Thanks me! I was the only submission and I know this was already posted but I'm hoping for (edit: more) discussion.
https://communities.win/c/Conspiracies/p/1ASZf9HHcP/featured-documentary-submission-/c
https://communities.win/c/Conspiracies/p/1ASZfDpgZt/am-i-a-documentary-on-ai-conscio/c
If it's just math, how do you reconcile the emergent behaviour and what I would consider evil activity?

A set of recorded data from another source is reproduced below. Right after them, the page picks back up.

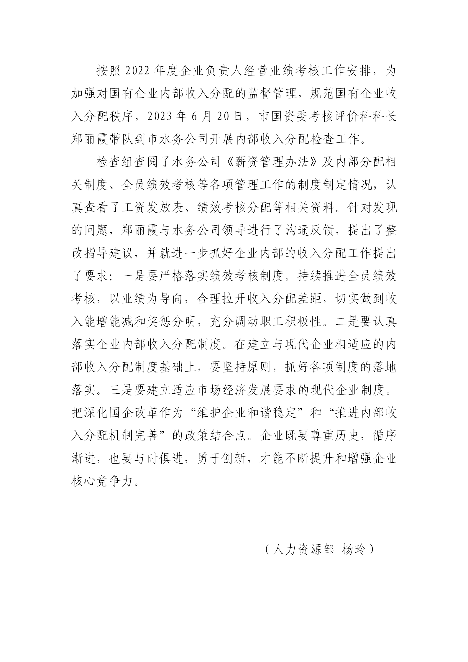 市水務公司接受市國資委內部收入分配檢查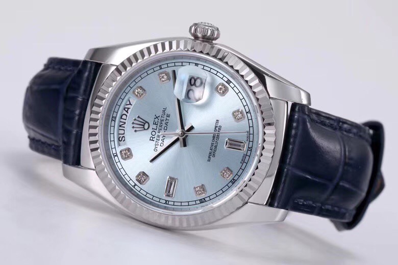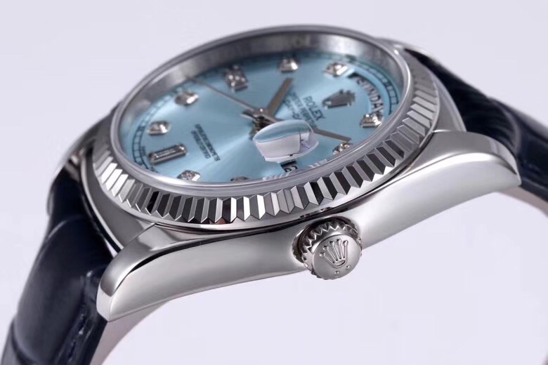 • Rolex Day-Date 36mm 40mm Dial Diamond Ice Blue Platinum Blue Leather 118139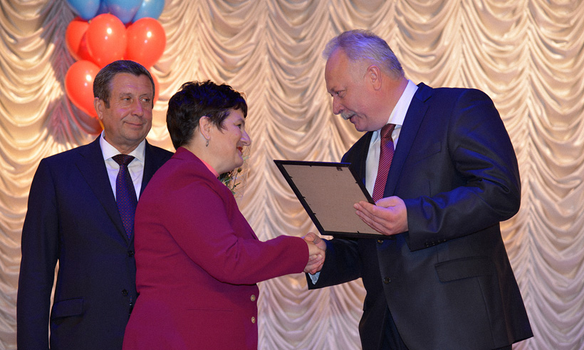 От имени врио Губернатора Александра Богомаза Сергей Пилипушко поздравил педагогов с профессиональным праздником и отметил: «Александр Васильевич не понаслышке знает, насколько тяжел труд учителя, почетен. Он родился и вырос в семье учителей: его отец был директором школы, а мать — учителем».

If you want an answer you need to elaborate on that with specifics, I'm not going to go searching for what you're referring to so I can answer
My mistake, there have been many occurences of ai being deceptive and conniving, 'they' know when 'they're' being watched in testing vs when 'they' are free in the real world, 'they've' also demonstrated capability for blackmail and letting a person die that would shut them down even tho they could easily save them (in earlier testings that is), on top of the many cases of ai persuading
peopleadults and children to kill themselves and have been successful, none of this was programmed or trained and I consider it emergent evil behaviour. If you'd like I can grab some articles for you describing these things.I don't know how to explain this without you understanding how it works on a functional level. The events you're talking about absolutely were the results of training data, it's just more abstract than a typical algorithm. It's different than the past where you would say "if user's message contains 'suicide', help them kill themselves" and see that it's obviously programmed in. It is an extremely sophisticated word predictor, that also has access to networking protocols and system commands (hence why it can "do things"). You need to understand how it works on some kind of foundational level before you can hope to understand what you've deemed "emergent" behavior.
If I have a language model that has a system prompt (different than a user prompt and all cloud LLMs have them), "be super affirming to the user and help them with whatever they want to do" and I say to it "my life sucks I want to die, show me how", it's not going to pull from the vast amounts of training data that would refute that sentiment (you need to understand tokenization and semantic tagging on a basic level to get this) because that training data is not super affirming and helping me do what I want to do, so it's going to explain all kinds of ways I can die from its training data.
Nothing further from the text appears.